Francesca bedachte sie mit einem ungläubigen Blick. Rourke mischte
sich beschwichtigend ein: »Schon gut. Ich habe Verständnis dafür. Und ich muss
Ihnen zustimmen – es wird gewiss ein ganz wundervolles Porträt werden.« Er
wandte sich Francesca zu und sagte: »Wir sehen uns dann später.«
Francesca blickte ihn forschend
an. Falls er sich zurückgewiesen fühlte, so ließ er es sich nicht anmerken.
Er nickte Sarah zum Abschied zu
und schritt hinaus.

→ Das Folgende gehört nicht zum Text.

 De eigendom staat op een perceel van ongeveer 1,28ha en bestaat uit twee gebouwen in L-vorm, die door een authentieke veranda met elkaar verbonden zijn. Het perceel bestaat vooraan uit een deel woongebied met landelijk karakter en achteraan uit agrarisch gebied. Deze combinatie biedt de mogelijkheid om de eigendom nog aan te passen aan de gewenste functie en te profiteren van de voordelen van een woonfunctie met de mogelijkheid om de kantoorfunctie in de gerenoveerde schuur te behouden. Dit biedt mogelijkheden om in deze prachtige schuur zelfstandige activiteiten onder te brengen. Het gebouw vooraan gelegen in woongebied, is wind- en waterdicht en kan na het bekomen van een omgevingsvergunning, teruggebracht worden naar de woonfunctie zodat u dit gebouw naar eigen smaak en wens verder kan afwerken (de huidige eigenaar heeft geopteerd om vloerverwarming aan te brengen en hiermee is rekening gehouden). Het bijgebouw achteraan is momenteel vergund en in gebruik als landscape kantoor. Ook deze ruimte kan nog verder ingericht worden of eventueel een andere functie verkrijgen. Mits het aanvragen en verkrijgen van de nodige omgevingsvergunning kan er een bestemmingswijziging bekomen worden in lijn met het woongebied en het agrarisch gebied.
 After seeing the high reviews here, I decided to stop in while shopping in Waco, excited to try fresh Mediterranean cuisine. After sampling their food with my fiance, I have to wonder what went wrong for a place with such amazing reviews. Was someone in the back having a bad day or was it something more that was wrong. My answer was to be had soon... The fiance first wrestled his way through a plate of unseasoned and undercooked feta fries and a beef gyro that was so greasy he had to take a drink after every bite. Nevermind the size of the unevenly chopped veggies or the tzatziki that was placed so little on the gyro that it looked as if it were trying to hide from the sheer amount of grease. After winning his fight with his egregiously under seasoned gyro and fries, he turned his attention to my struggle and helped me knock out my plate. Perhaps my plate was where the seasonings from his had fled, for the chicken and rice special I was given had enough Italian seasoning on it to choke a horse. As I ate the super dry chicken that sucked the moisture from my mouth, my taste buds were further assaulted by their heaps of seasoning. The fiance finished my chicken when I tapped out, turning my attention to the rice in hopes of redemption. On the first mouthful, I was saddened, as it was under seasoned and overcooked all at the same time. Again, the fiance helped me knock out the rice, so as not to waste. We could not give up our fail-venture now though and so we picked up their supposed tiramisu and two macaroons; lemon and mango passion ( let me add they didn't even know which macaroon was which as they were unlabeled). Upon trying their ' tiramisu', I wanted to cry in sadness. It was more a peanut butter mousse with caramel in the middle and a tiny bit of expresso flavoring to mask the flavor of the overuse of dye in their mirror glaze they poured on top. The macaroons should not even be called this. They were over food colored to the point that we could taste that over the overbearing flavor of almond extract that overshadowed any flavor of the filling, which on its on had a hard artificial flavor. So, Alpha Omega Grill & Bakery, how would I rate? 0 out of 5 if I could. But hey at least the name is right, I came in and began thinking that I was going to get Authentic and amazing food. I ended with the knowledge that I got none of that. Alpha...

Für einen Moment blieb es still im Atelier.
Francesca wandte sich aufgebracht zu Sarah um, doch als sie sah,
wie unglücklich diese wirkte, verflog ihre Wut rasch wieder. »Ist alles in
Ordnung?«
Sarah zwang sich zu einem Lächeln. »Es geht mir gut. Ich war nur
überrascht, ihn hier zu sehen. Ich wusste gar nicht, dass er in der Stadt ist.«
Ehe sie sich abwenden konnte, packte
Francesca ihre Freundin am Arm. »Überleg es dir noch einmal. Komm mit uns.«
»Ich halte
das für keine gute Idee.«
»Magst du Rourke denn nicht? Ist er nicht hinreißend? Und nett?«,
rief sie. »Er wird schon bald ein wunderbarer Arzt sein, Sarah, und auch wenn
ich weiß, dass du nicht an einer Ehe interessiert bist, so ist er doch ein
Fang! Lange wird er gewiss nicht mehr zu haben sein!«
Sarah entzog sich Francescas
Griff und sah sie mit großen Augen an. »Was soll denn das alles? Was hat sein
Aussehen damit zu tun? Und ja, du hast recht, ich bezweifele nicht, dass er
schon bald die Frau seiner Träume finden wird.«
»Ich glaube, er mag dich«,
sagte Francesca.
»Das ist doch absurd«, entgegnete Sarah. »Er wollte nur höflich
sein. Außerdem sind wir beide praktisch Schwestern«, fügte sie verdrossen
hinzu. »Was der Grund für seine Freundlichkeit mir gegenüber sein dürfte.
Francesca, er ist ein Charmeur, das ist doch offensichtlich. Ich bin mir
sicher, dass es seinetwegen in Philadelphia viele gebrochene Herzen gibt.«
»Das glaube ich nicht«, widersprach Francesca in eindringlichem
Ton. »Ich weiß sogar aus erster Hand, dass er in keine Frau verliebt ist.«
»Du hast ihn danach gefragt?«, fragte Sarah
bestürzt.
Francesca nickte und lächelte durchtrieben.
»Francesca, bitte unterlasse das! Ich weiß, du meinst es gut, aber
du tust mir damit wirklich keinen Gefallen! Ich interessiere mich nur für
meine Kunst. Und ich werde mich bestimmt nicht zum Narren machen, indem ich
einem Mann wie ihm nachlaufe. Es ist doch verrückt, zu glauben, dass er mich
überhaupt als Frau wahrnimmt. Also, könnten wir jetzt bitte endlich anfangen?«
Es war, als redete man gegen eine Wand. Francesca ließ das Thema
vorerst ruhen, gab jedoch keineswegs auf, sondern begann insgeheim einen Plan
zu schmieden.
Er stand vor dem Frisiertisch aus Kirschholz und blickte in den
Spiegel, um seine Fliege zu binden. Von dem Ankleideraum aus hörte er Katies
leise Stimme und Dots fröhliches Kichern. Die Mädchen spielten mit zwei neuen
Puppen, die Leigh Anne ihnen erst kürzlich gekauft hatte.